That, Kagame said, was the birth of his political consciousness. “This is where the thing starts,” he whispered, fixing his eyes on me. He told me this story at the beginning of the interview, which lasted about three hours. Kagame seemed in an open, expansive and congenial mood. He nodded eagerly at my questions, prefacing his answers with phrases like “if you don’t mind” and “you are right.” He speaks fluent English, with a thick Rwandan accent. A soldier by training, he joined a Ugandan rebel group shortly out of high school, rose up through the ranks and then did a short stint at the staff college at Fort Leavenworth, Kan., part of the Pentagon’s efforts to make African armies more professional.
But Kagame left the program early to help command a Tutsi rebel force that invaded Rwanda in 1990. He would soon become the head of the Rwandan Patriotic Army, which was bent on overthrowing Rwanda’s Hutu-led government. In April 1994, after a plane carrying Rwanda’s Hutu president was shot down, Hutu extremists exhorted their followers, primarily over the radio, to wipe out the Tutsis. Killing squads swept across the hillsides — until Kagame’s rebel army stormed the capital, putting an end to the genocide and seizing power. Kagame became defense minister, vice president and then president, and under the Rwandan constitution, which limits the president to two seven-year terms, he should be out of office in 2017. But the talk in Kigali at the moment is that he may encourage Parliament to adjust the constitution so he can run again. When I asked one of Kagame’s aides about this, she said Kagame has addressed this before, saying that the security and well-being of the Rwandan people cannot be reduced to a simple question of third term or no third term. It appears that he has no plans to give up power.
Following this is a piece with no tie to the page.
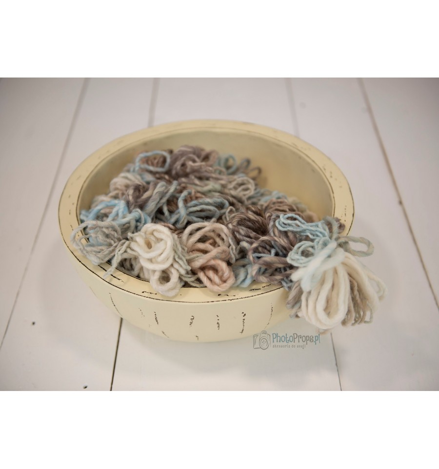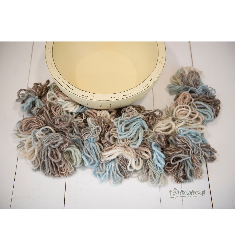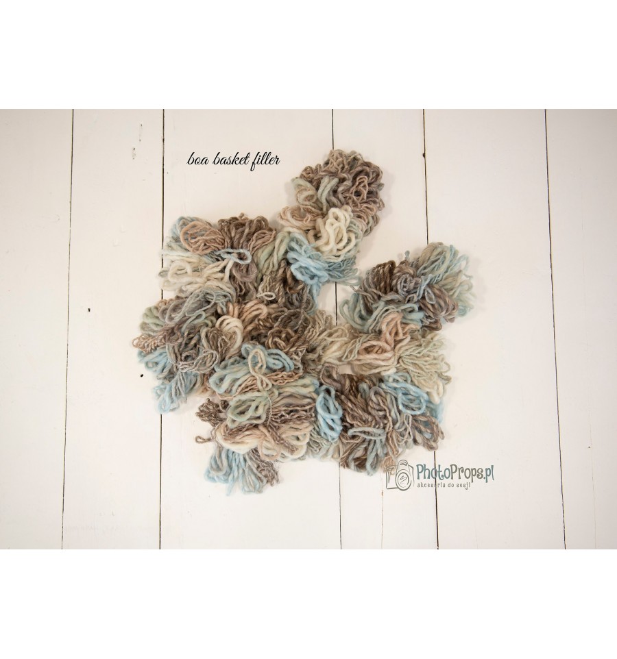 Korbfüller mit interessanter Struktur für Babyfotografie. Ideal als Unterlage oder zum Auskleiden von Körbchen, Schalen usw. Der Korbfüller hat eine Boa-Form 1,4 Meter lang und kann flexibel eingesetzt werden.

Though Rwanda has made tremendous strides, the country is still a demographic time bomb. It’s already one of the most densely populated in Africa — its 11 million people squeezed into a space smaller than Maryland — and despite a recent free vasectomy program, Rwanda still has an alarmingly high birthrate. Most Rwandans are peasants, their lives inexorably yoked to the land, and just about every inch of that land, from the papyrus swamps to the cloud-shrouded mountaintops, is spoken for. When I asked Kagame how he planned to address this, he said one of his top priorities was encouraging women to stop having so many children. “We educated the woman both in school and generally in society to say: ‘No,’ ” he told me, his forehead wrinkled in concentration. “Go for something else. You deserve better.” Changing such deep-seated attitudes takes a long time, he said, “but it works.”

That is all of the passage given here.